36 Ways of Writing a Vietnamese Poem

Nam Le

Reviewed by Manan Kapoor

Nam Le’s 36 Ways of Writing a Vietnamese Poem, a collection in which each poem is a “way” that uses a different lens, opens with “[1. Diasporic]”:

In English, mind You.
You dink I writee Yiknamee?
Shame on You.
It was Your violence dumbed me.

The second-person pronoun—capitalized each time—takes center stage. Whether we associate ourselves with “You” or assume we’re witnesses to a conversation with an off-frame figure, Le draws us in. In the next poem, “[2. Invocation / Apostrophic],” he makes the dialogic nature of his collection clear though the absence of a capitalized “You” suggests a shift: “To you, mind you. Always.” We soon realize that 36 Ways of Writing a Vietnamese Poem interrogates the poet’s interiorities and exposes the exterior landscape that inform them.

In the first poem, which mimics a migrant’s English, Le dwells on the complexities of language, adding syllabic breaks to “displacement,”

Dis place ment
Everything to me

and he ends the poem with:

Shame on me.
What do I know?
What’s Vietnamese in me
Could fit in a poem.

What does it mean that one’s identity (or even a part of it) can fit in a poem? Is Le conveying the inertia of a diasporic poet about his beginnings? Or is he implying that a poem—even a short poem—can meaningfully convey the experience? We start to wonder: what sort of poem—what length? A haiku or an epic? And if so, does it matter? Is this poem an ode to a lost home or an elegy for the self? And as we ponder, we realize that 36 Ways of Writing a Vietnamese Poem can be read both as a collection of poems and a book-length poem leading to further questions. This unresolved line stays with us, turning and shifting as we move through each of the ways, forcing us to recognize the unfixity and in-betweenness that diasporic writers have to confront, endure, and at times, celebrate.

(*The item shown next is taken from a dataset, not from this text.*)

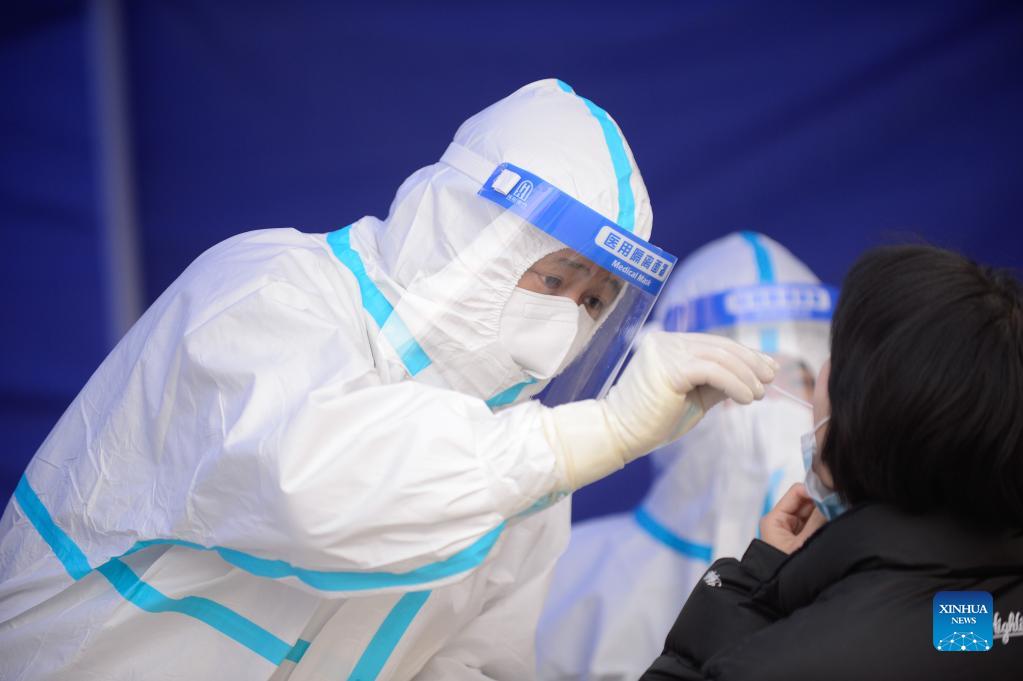 A medical worker collects a swab sample from a resident at a COVID-19 testing site in Chengxi District of Xining, northwest China's Qinghai Province, Nov. 2, 2021. Xining has set up 121 testing sites in Chengxi District for massive COVID-19 nucleic acid testing. (Xinhua/Zhang Manyi)

Throughout the collection, Le exposes the complexities of writing from this position, focusing not on binaries but allowing readers to dwell in uncertainties. In “[3. Ekphrastic],” after noting how various details in his grandmother’s photograph give an “effect of flatness,” what the “off-centered mandarin collar” reveals, he exposes everything that the photograph conceals, what it “cannot say,” closing with: “Now write about it what you like.” The poem “[24. Violence: Translative]” begins “F/or You are a Poet-Translator… / You are the Keeper of the great keep” and moves on to claim “Borders to You mere form / You are a Cosmopolis, the centrality” before it turns:

So You don’t know Vietnamese.
…..Did Pound know Chinese? Did Rexroth? Snyder?
Fenollose? (Do I either? Ha ha!)

The poems constantly shift between humor, anger, sorrow, and despair, as Le challenges our assumptions and expectations. Several poems focus on violence of different kinds—taxonomic, linguistic, cultural, geopolitical and ideological—and reveal their consequences in a new light. In the notes to “[32. Intra-diasporic],” he stresses that the “failure to differentiate [between the experience of various immigrants and refugees] is a violence.” In the poem, quoted here in its entirety, he writes:

My family came to this country with
Nothing more than a small knapsack

full of cut diamonds

With each “way,” we find ourselves at the center of the poem, questioning our assumptions about diasporic writing. Le’s formal precision and these unpredictable turns challenge the way we perceive diasporic literature while simultaneously revealing its complexities—we read and think about these poems with Le. The final surprise is the inclusion of the thirty-seventh poem, “[37. Post-racial / -glacial],” the longest in the collection. Supassing the thirty-six ways and using ecopoetic overtones, it imagines a post-racial world where writers are unencumbered and the expectations of representation are washed away.

If I must be something
……….Let me be outwash plain
………………………………….lowland
past glacier’s margin, glacier’s edge
…………………..thaw and drift convene
breathtaking arguments of light
……………………………….over me
where what matter was argued
has long evaporated

Though this final poem offers a utopian impossibility, it gives the readers (and the poet) something—another way of writing a Vietnamese poem. In “[2. Invocation / Apostrophic],” Le writes, “Whatever I write is / Vietnamese.” At the end of the collection we return to this line, but after the unexpected thirty-seventh poem, it turns and we read it in a different light.